Ketan was sitting up, looking at the sky.
‘It’s going to rain,’ he said.
We began cycling homeward but we were still some way out of Shahganj when it began to rain. A lashing wind swept the rain across our faces, but we exulted in it, and sang at the top of our voices until we reached the Shahganj bus stop.
Across the railroad tracks and the dry riverbed, fields of maize stretched away, until there came a dry region of thorn bushes and lantana scrub, where the earth was cut into jagged cracks, like a jigsaw puzzle. Dotting the landscape were old abandoned brick kilns. When it rained heavily, the hollows filled up with water.
Ketan and I came to one of these hollows to bathe and swim.
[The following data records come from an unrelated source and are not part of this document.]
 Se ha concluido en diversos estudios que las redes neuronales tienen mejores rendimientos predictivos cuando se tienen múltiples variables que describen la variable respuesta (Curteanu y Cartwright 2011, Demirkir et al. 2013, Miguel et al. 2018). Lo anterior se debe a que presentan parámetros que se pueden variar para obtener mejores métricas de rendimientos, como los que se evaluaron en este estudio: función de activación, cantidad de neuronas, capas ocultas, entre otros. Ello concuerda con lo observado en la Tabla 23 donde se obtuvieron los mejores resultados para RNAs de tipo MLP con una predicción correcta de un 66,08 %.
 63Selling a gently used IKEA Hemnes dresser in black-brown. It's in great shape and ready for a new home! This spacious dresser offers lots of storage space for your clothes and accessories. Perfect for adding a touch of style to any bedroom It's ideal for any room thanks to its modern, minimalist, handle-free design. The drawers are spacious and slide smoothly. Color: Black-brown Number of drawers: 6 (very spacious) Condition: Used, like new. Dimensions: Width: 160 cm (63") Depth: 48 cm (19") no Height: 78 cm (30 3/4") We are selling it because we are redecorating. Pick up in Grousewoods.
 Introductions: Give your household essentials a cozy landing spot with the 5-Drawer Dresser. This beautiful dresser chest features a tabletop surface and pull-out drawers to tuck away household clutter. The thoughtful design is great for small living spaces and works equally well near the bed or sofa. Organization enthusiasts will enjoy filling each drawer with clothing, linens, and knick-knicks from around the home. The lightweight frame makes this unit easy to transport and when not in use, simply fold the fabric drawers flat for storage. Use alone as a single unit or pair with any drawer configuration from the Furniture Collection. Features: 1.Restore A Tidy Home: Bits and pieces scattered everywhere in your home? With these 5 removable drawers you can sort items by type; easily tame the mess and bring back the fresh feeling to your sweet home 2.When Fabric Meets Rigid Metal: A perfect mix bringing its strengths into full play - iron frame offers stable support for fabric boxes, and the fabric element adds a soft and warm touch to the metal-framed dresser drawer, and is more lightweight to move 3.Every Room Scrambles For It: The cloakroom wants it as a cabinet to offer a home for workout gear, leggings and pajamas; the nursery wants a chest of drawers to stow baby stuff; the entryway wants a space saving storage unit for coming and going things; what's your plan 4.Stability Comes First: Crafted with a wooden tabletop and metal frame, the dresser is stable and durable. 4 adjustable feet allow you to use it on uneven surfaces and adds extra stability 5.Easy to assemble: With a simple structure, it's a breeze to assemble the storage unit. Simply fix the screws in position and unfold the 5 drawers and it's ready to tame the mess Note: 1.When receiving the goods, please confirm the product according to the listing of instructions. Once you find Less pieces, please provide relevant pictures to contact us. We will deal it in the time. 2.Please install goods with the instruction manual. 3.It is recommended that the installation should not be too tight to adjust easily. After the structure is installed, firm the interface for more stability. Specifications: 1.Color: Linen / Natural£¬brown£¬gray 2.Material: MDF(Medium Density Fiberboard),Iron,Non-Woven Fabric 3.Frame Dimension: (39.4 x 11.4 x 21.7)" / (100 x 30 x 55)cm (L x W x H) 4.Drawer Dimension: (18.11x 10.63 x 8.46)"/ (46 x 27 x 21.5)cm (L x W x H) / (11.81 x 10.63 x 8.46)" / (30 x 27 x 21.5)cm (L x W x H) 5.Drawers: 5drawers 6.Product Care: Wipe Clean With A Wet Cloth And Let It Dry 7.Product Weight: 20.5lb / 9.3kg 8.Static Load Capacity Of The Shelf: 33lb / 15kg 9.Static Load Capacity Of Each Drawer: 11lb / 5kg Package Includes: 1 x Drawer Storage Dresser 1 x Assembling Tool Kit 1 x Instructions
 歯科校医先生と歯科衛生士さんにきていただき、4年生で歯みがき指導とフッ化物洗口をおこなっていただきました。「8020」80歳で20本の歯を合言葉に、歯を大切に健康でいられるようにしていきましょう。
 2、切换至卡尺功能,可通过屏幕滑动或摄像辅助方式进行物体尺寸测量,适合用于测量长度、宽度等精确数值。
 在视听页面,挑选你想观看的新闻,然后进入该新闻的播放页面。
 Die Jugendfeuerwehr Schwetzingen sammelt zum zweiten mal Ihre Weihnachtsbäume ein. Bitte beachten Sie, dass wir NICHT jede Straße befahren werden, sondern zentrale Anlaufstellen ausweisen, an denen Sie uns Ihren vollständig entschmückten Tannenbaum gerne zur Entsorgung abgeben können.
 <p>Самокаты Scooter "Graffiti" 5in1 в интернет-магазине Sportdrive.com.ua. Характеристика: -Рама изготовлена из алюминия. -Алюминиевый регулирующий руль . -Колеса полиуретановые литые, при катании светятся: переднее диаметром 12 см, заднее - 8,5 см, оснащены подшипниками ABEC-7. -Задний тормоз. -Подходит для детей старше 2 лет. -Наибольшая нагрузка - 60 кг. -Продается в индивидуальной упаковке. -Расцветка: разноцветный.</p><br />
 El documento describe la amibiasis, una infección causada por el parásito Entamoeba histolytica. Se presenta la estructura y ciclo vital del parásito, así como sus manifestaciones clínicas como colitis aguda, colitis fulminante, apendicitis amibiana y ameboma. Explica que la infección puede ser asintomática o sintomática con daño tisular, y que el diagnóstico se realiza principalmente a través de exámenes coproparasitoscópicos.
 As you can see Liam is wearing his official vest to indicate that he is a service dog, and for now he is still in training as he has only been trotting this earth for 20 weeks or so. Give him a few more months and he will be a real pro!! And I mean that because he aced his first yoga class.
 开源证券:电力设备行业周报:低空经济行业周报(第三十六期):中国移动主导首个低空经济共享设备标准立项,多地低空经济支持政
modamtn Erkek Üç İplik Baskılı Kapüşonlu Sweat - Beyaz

There was an island in the middle of it, and on this small mound lay the ruins of a hut where a night watchman had once lived, looking after the brick kilns. We would swim out to the island, which was only a few yards from the banks of the hollow. There was a grassy patch in front of the hut, and early in the mornings, before it got too hot, we would wrestle on the grass.
Now, while we wrestled on the new monsoon grass, I felt his body go tense. He stiffened, his legs jerked against my body, and a shudder passed through him. I knew that he had a fit coming on but I was unable to extricate myself from his arms.
He gripped me more tightly as the fit took possession of him. Instead of struggling, I lay still and pressed against Ketan, and whispered soothingly into his ear; and then, when I noticed his mouth working, I thrust my fingers between his teeth to prevent him from biting his tongue. But so violent was the convulsion that his teeth bit into the flesh of my palm and ground against my knuckles. I shouted with the pain and tried to jerk my hand away, but it was impossible to loosen the grip of his jaws. So I closed my eyes and counted—counted till seven—until consciousness returned to him, and his muscles relaxed.